[Cultural Attachment]

The Muppets: Why so mean and raunchy?

Smith Galtney

Oh, how my Facebook feed erupted with joy when ABC announced it was bringing the Muppets back to prime time. Then came a publicity shot of Kermit and the gang poring over scripts at a table reading. (Genius.) Then came the news that the show would be “sort of adult.” (I dig it.) And then there was the press release about Kermit and Piggy breaking up. (Wait, what?)

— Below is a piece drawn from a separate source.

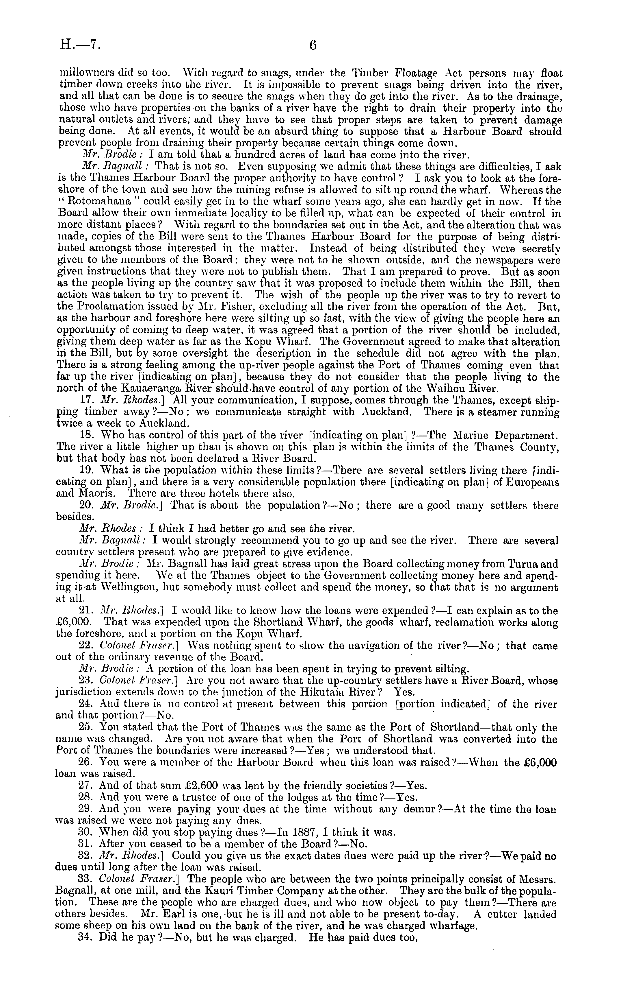 millowners did so too. With regard to snags, under the Timber Floatage Act persons may float timber down creeks into tho river. It is impossible to prevent snags being driven into the river, and all that can be done is to secure the snags when they do get into the river. As to the drainage, those who have properties on the banks of a river have the right to drain their property into tho natural outlets and rivers; and they have to see that proper steps are taken to prevent damage being done. At all events, it would be an absurd thing to suppose that a Harbour Board should prevent people from draining their property because certain things come down. Mr. Brodie : I am told that a hundred acres of land has come into the river. Mr. Bagnall : That is not so. Even supposing we admit that these things are difficulties, I ask is the Thames Harbour Board the proper authority to have control ? I ask you to look at the foreshore of the town and see how the mining refuse is allowed to silt up round the wharf. Whereas the " Rotomahana " could easily get in to the wharf some years ago, she can hardly get in now. If the Board allow their own immediate locality to be filled up, what can be expected of their control in more distant places? With regard to the boundaries set out in the Act, and the alteration that was made, copies of the Bill were sent to the Thames Harbour Board for the purpose of being distributed amongst those interested in the matter. Instead of being distributed they were secretly given to the members of the Board : they were not to be shown outside, and the newspapers were given instructions that they were not to publish them. That lam prepared to prove. But as soon as the people living up the country saw that it was proposed to include them within the Bill, then action was taken to try to prevent it. The wish of the people up the river was to try to revert to the Proclamation issued by Mr. Fisher, excluding all the river from the operation of the Act. But, as the harbour and foreshore here were silting up so fast, with the view of giving the people here an opportunity of coining to deep water, it was agreed that a portion of the river should be included, giving them deep water as far as the Kopu Wharf. The Government agreed to make that alteration in the Bill, but by some oversight the description in the schedule did not agree with the plan. There is a strong feeling among the up-river people against the Port of Thames coming even that far up the river [indicating on plan], because they do not consider that the people living to the north of the Kauaeranga River should-have control of any portion of the Waihou River. 17. Mr. Rhodes.] All your communication, I suppose, comes through the Thames, except shipping timber away? —No; we communicate straight with Auckland. There is a steamer running twice a week to Auckland. 18. Who has control of this part of the river [indicating on plaiij ? —The Marine Department. The river a little higher up than is shown on this plan is within the limits of the Thames County, but that body has not been declared a River Board. 19. What is the population within these limits ? —There are several settlers living there [indicating on plan], and there is a very considerable population there [indicating on plan] of Europeans and Maoris. There are three hotels there also. 20. Mr. Brodie] That is about the population?—No; there are a good many settlers there besides. Mr. Rhodes : I think I had better go and see the river. Mr. Bag mi 11: I would strongly recommend you to go up and see the river. There are several country settlers present who are prepared to give evidence. Mr. Brodie : Mr. Bagnall has laid great stress upon the Board collecting money from Turua and spending it here. W T e at the Thames object to the Government collecting money here and spending it -at Wellington, but somebody must collect and spend the money, so that that is no argument at all. 21. Mr. Rhodes.] I would like to know how the loans were expended ?—I can explain as to the £6,000. That was expended upon the Shortland Wharf, the goods wharf, reclamation works along the foreshore, and a portion on the Kopu Wharf. 22. Colonel Fraser. Was nothing spent to show the navigation of the river?—No; that came out of the ordinary revenue of the Board. Mr. Brodie : A portion of the loan has been spent in trying to prevent silting. 23. Colonel Eraser.] Are you not aware that the up-country settlers have a River Board, wdiose jurisdiction extends down to the junction of the Hikutaia River ?—Yes. 24. And there is no control at present between this portion [portion indicated] of the river and that portion?— No. 25. You stated that the Port of Thames was the same as the Port of Shortland—that only the name was changed. Are you not aware that when the Port of Shortland was converted into the Port of Thames the boundaries were increased ?—Yes ; we understood that. 26. You were a member of the Harbour Board when this loan was raised?— When the £6,000 loan was raised. 27. And of that sum £2,600 was lent by the friendly societies?— Yes. 28. And you were a trustee of one of the lodges at the time?— Yes. 29. And you were paying your dues at the time without any demur ?—At the time the loan was raised we were not paying any dues. 30. \Vhen did you stop paying dues ?—ln 1887, I think it was. 31. After you ceased to be a member of the Board?— No. 32. Mr. Rhodes.] Could you give us the exact dates dues were paid up the river ?—We paid no dues until long after the loan was raised. 33. Colonel Fraser.] The people who are between the two points principally consist of Messrs. Bagnall, at one mill, and the Kauri Timber Company at the other. They are the bulk of the population. These are the people who are charged dues, and who now object to pay them ?—There are others besides. Mr. Earl is one, but he is ill and not able to be present to-day. A cutter landed some sheep on his own l

Well, now they’re here, and maybe The Muppets is a bit too adult. Not only are they cynical and mean, but they grope their private parts and talk about their sex lives. In fact, it’s such a deviant display that One Million Moms, the Christian activist group, warned parents against the show, deeming it “perverted” and “sinful,” and explaining that it encouraged “promiscuity” and “interspecies relationships.” Critics were no less puritanical. “A travesty!” exclaimed The Telegraph.

It’s as if a nation of overgrown children just walked in on their stuffed animals having sex. Here’s what triggered the trauma …

Kermit is a bummer. Wasn’t he the one who always had it together, the calm, level-headed eye in the Muppet-mayhem storm? More importantly, didn’t he always love his job? As the producer of Up Late With Miss Piggy, the new Kermit is a corporate, budget-obsessed tool who yells at Scooter about C-list guests (sorry, Tom Bergeron) and rebounds with a slutty swine named Denise. “[We] want to see Kermit and his furry friends overcome all the odds to put on the best show they can,” The Telegraph’s Jonathan Bernstein wrote. “[We] don’t want to see a weary, beaten-down frog toiling on the terrible late-night talk show fronted by his unhinged ex-girlfriend.”

Piggy is a bitch. She was always a princess, but updating her into a cellphone-wielding, fame-obsessed nightmare diva frames her in a rather unforgiving light. Hopefully they’ll let some of her former vulnerability surface in future episodes, but for now, she’s the cliché terror and the butt of many fat jokes. “Is Miss Piggy really so heavy, anyway?” asked Entertainment Weekly’s Jeff Jensen. “I never thought so.” It’s tough being a pig in show business.

Yet another mockumentary. Like The Office and Modern Family, The Muppets is shot in handheld, faux-documentary style, complete with winking asides to the camera and one-on-one interviews. This gimmick is beyond overused by now, so Gonzo has to make an even lamer joke about it, proving that David Foster Wallace was right about irony. Who needs Statler and Waldorf in the audience when these Muppets are pooping on themselves?

Too much Muppet genitalia. Piggy makes repeated references to her boobs getting “hiked” and nearly moons Elizabeth Banks. Fozzie’s in a relationship with a human whose father disapproves. (“What if you have kids?” he asks, making me imagine things I don’t want to imagine.) And there are the billboards for the show, which picture Kermit with a towel slung over his shoulder and the tagline, “Finally. A network TV show with full frontal nudity.” Kermit doesn’t have a penis. I know this. But now it’s the only thing I see. Kermit’s. Penis.

The Muppets are we. If the show feels a bit dark, the reviews are downright depressing. Rolling Stone went so far as to say everything we know about the Muppets is a lie, that they were just doing the TV shows and the movies to pick up a paycheck, that our image of them wasn’t—gasp!—real. But Grantland’s Alex Pappademus nailed it in every sense of the word. “We are a terrible, dispirited society, and we finally have the terrible, dispirited Muppets we deserve.” With a Peanuts movie on the horizon, I pray we haven’t corrupted Charlie Brown, too.